Oh. You chose to sign up for that class? That wasn’t in my plan. Recalculating.
You’d like to play how many sports this summer? Recalculating.
The job I’d love is full time, not part time? Recalculating.
Wow. Look at your hair. Recalculating.
Did you just say those words in front of those people and expose me for all my idiocy and there’s no good place for me to hide? Recalculating.
My Plan is not The Plan? Recalculating.
—-
(On a side note, months ago Husband and I were joking about what it would be like if I were to be the program voice of the GPS. It went something like this: “Get ready to turn left. Left. It’s the one to THE LEFT. Seriously?
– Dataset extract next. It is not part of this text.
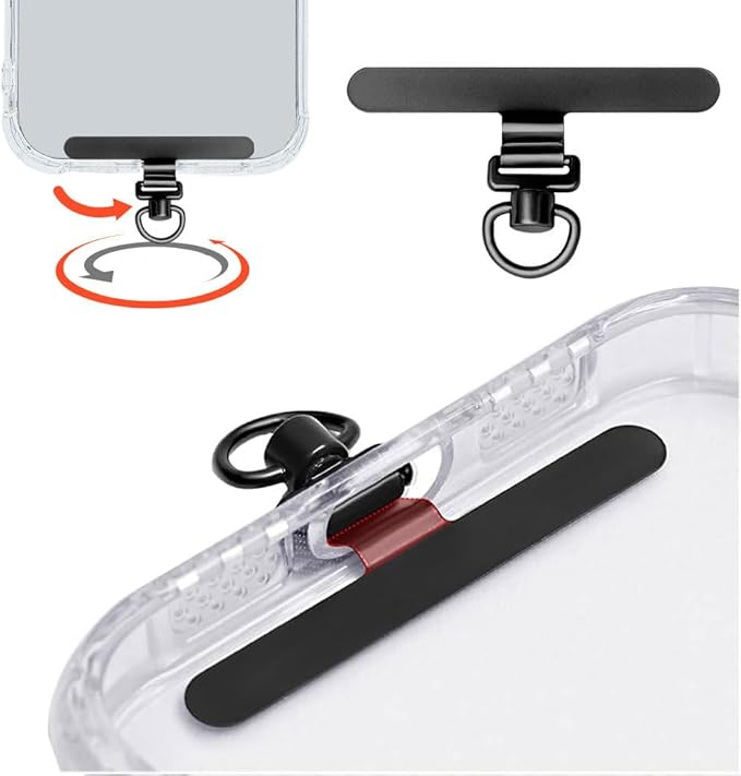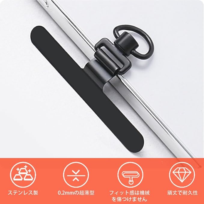 スマホ ストラップホルダー 埋め込み【YCJDPの2024極薄型】0.2mm・360 旋回式 金属ステンレス製 薄型 耐久性のある 滑らかで繊細 反りがない 丈夫13kgまでの荷重量 機械を傷めずに丸刃カットが可能 全機種対応 充電に影響しない 落下紛失防止 ブラック | oioioichan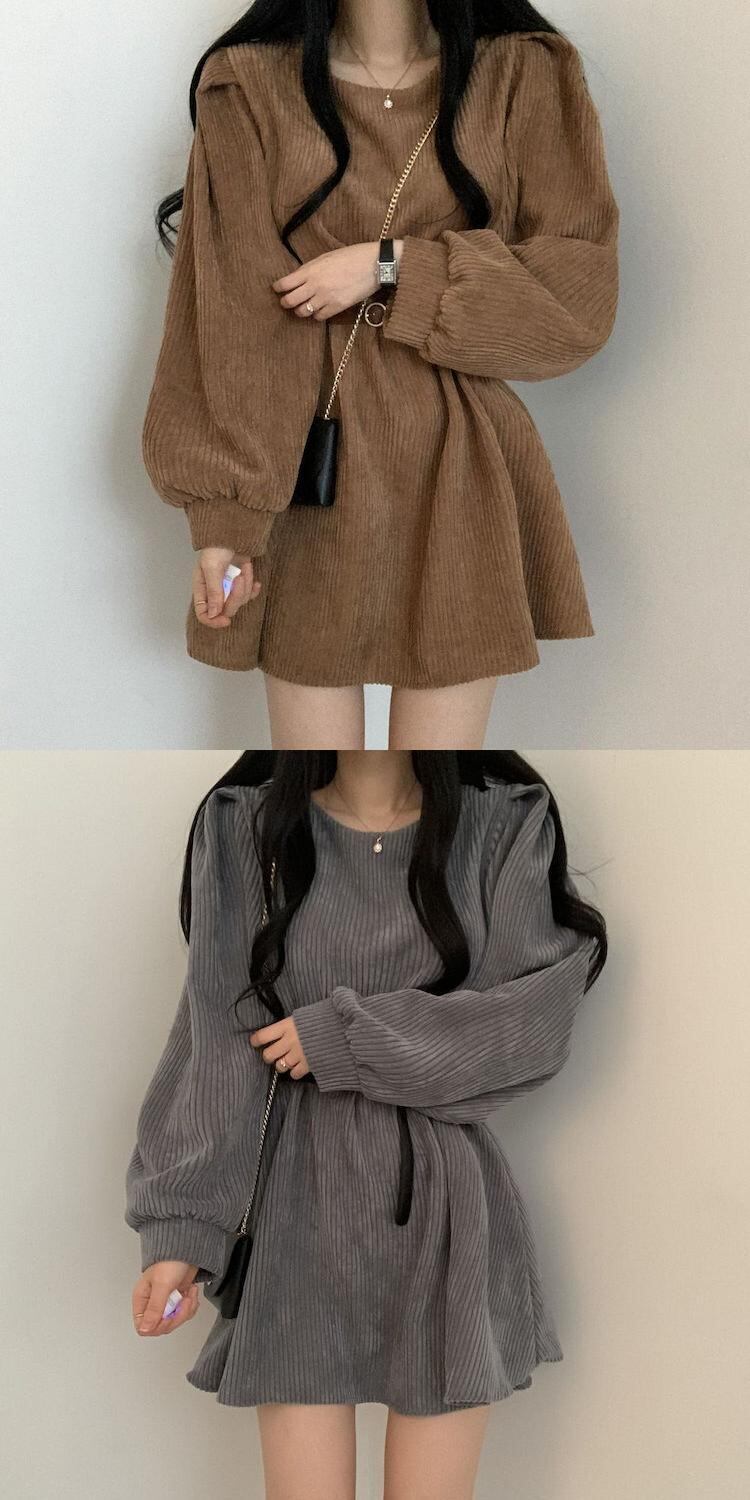 秋物スタンダードラウンドネックスリーブショートスカート ウェストワンピース ロング ランタンスリーブ コットン レトロ レース オータム Oネック レースアップ 長袖 ウエスト muzly79615846497 | Neatly

Did you not hear me? I said TURN LEFT. Why do you ask if you aren’t going to listen to me? Forget about it. Find you own way to the bowling alley. Sheesh.” *muttering* “Some people…”)
April wanes and life carries on. We watch The Incredibles on Sunday evening, eating Italian Popcorn and writing thank-you notes (which none of us are actually good at, but we try now and then). Kid 2 stretches her knee out of its brace, using my long-neglected exercise bands. We feel grateful for the things — for the safety, for the generosity, for the kindnesses from all over. We feel PROSPERED today. Do you feel it too?
I hope you do.
Prospering. It happens at the hands of a generous God, and it happens within the homes of grateful people. It means different things to different groups and in different situations, and sometimes we have the VERY same health and dollars and gladness and feel somehow less prospered. The prosperity isn’t changing. Only our willingness to find it so. I appreciate my ability to find it. And I feel the need, the urge, the responsibility to write it down when it happens. So I can look back at this moment and remember: Prosperity isn’t really about dollars. It’s about attitude and thankfulness.
Boston.
Texas.
More Boston.
And the things right here,
inside my tiny world.
When your heart is so full that it
nearly bursts,
How do you breathe? Where do you
put it all?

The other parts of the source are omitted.